The team also plans under the funding to test PIXUL-ChIP as a platform for studies of epigenetic changes at selected gene loci associated with human embryonic stem cell processes, the authors wrote.

"A highly efficient technology, PIXUL-ChIP will provide powerful means to simultaneously study multiple chromatin modifications and modifiers at gene loci in a wide range of systems, and as such will be a valuable platform for studying epigenetic processes, discovering epigenetic biomarkers, and testing novel drugs and their combinations," Bomsztyk and his colleagues wrote in the description of the project.

In a 2011 publication in BMC Molecular Biology Bomsztyk and his team also demonstrated that they could couple chromatin immunoprecipitation with measurement of other epigenetic processes, specifically with methylated DNA immunoprecipitation, or MeDIP, into a dual Matrix-ChIP-MeDIP platform.

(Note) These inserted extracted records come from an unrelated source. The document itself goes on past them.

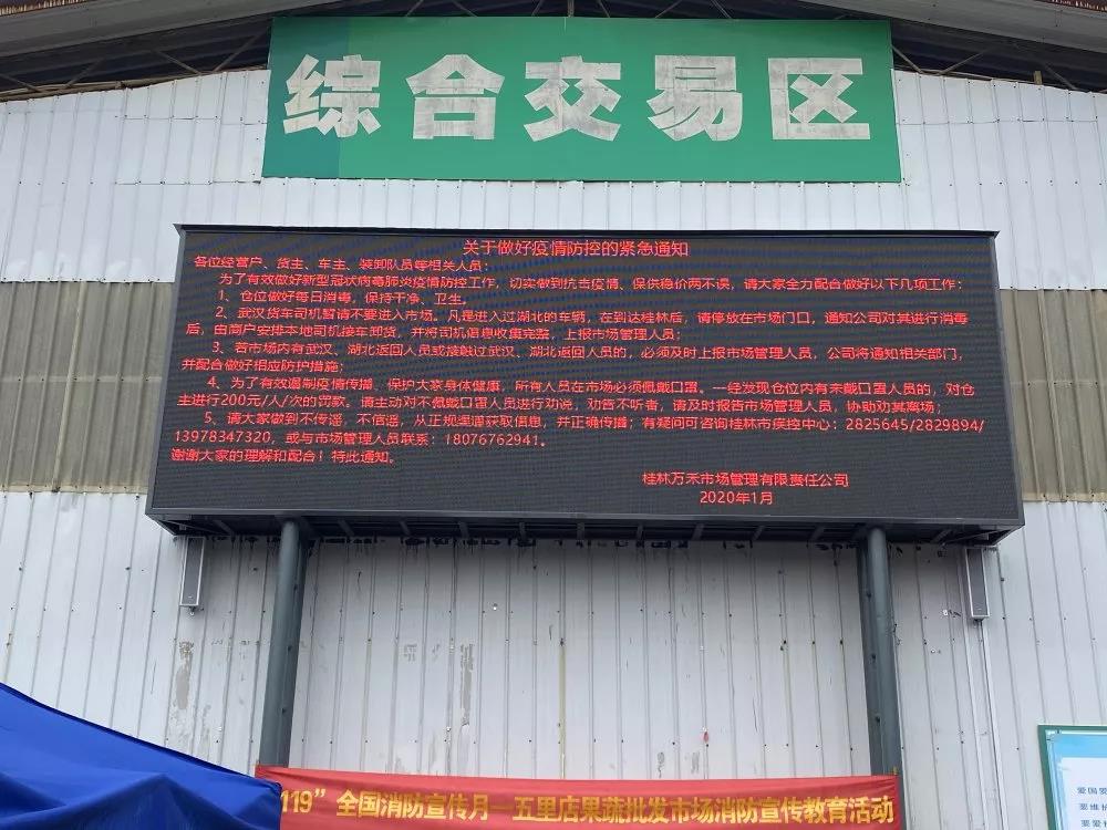 桂林五里店果蔬批發(fā)市場是湘桂黔三省交界最大的農(nóng)產(chǎn)品交易平臺,農(nóng)產(chǎn)品流通范圍覆蓋全國多個省市,人員車輛密集且流動性大,防疫任務(wù)艱巨。為保障抗疫期間農(nóng)產(chǎn)品供應(yīng),避免疫情在市場內(nèi)傳播,萬禾市場管理公司多措并舉,全力以赴。
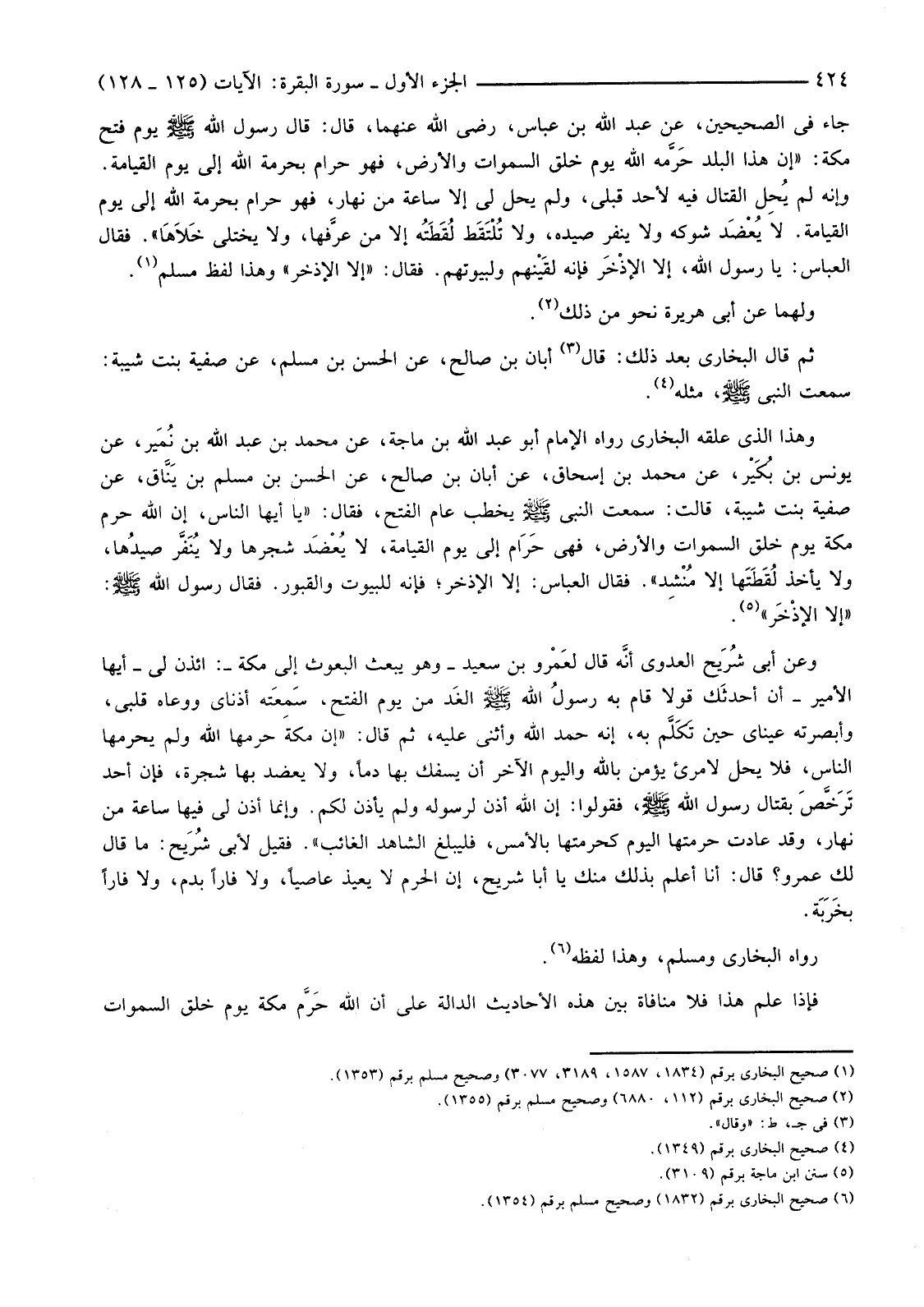 جَاءَ فِي الصَّحِيحَيْنِ، عَنْ عَبْدِ اللَّهِ بْنِ عَبَّاسٍ، رَضِيَ اللَّهُ عَنْهُمَا، قَالَ: قَالَ رَسُولُ اللَّهِ صَلَّى اللَّهُ عَلَيْهِ وَسَلَّمَ يَوْمَ فَتْحِ مَكَّةَ: "إِنَّ هَذَا الْبَلَدَ حَرَّمه اللَّهُ يَوْمَ خَلَقَ السَّمَوَاتِ وَالْأَرْضَ، فَهُوَ حَرَامٌ بِحُرْمَةِ اللَّهِ إِلَى يَوْمِ الْقِيَامَةِ. وَإِنَّهُ لَمْ يحِل الْقِتَالُ فِيهِ لِأَحَدٍ قَبْلِي، وَلَمْ يَحِلَّ لِي إِلَّا ساعة من نهار، فَهُوَ حَرَامٌ بِحُرْمَةِ اللَّهِ إِلَى يَوْمِ الْقِيَامَةِ. لَا يُعْضَد شَوْكُهُ وَلَا يُنَفَّرُ صَيْدُهُ، وَلَا تُلْتَقَط لُقَطَتُه إِلَّا مَنْ عرَّفها، وَلَا يُخْتَلَى خَلاهَا" فَقَالَ الْعَبَّاسُ: يَا رسول الله، إلا الإذْخَر فإنه لقَينهم ولبيوتهم. فَقَالَ: "إِلَّا الْإِذْخِرَ" وَهَذَا لَفْظُ مُسْلِمٍ (1) .
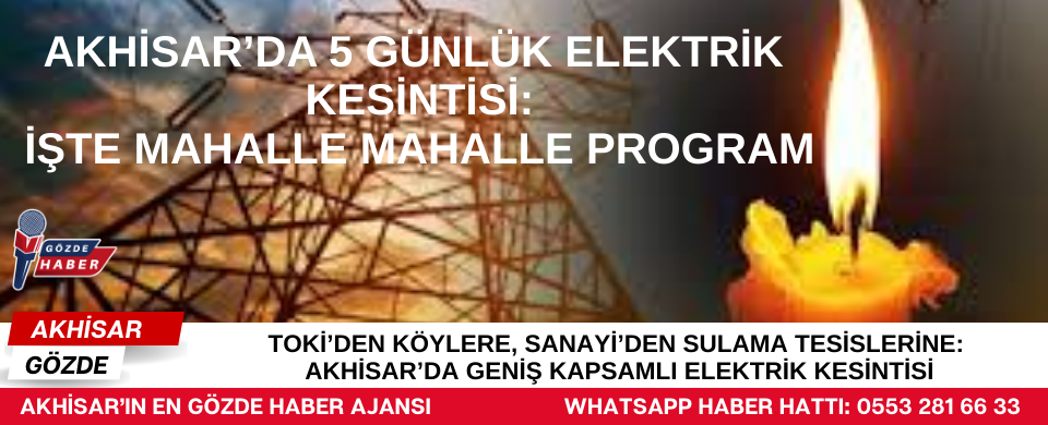 Gediz Elektrik Dağıtım A.Ş. tarafından yapılan açıklamaya göre, Akhisar genelinde şebeke bakım, onarım ve tesis çalışmaları kapsamında farklı gün ve saatlerde planlı elektrik kesintileri uygulanacak. Kesintilerin vatandaşların güvenliği ve elektrik hizmetinin sürdürülebilirliği için zorunlu olduğu belirtilirken, kesinti programı şu şekilde duyuruldu:

Bomsztyk said the group is also potentially interested in combining automated and integrated sample processing with its Matrix ChIP-MeDIP technology.

But they are not naive about the immediate challenges ahead. "What we have learned from Matrix ChIP is that these [epigenetic] processes are very complex and how you prepare a sample is so important, since we want to capture what's in vivo and do it quickly so we don’t lose the information," Bomsztyk said. "It’s a real challenge we need to overcome to make sure we capture the right information."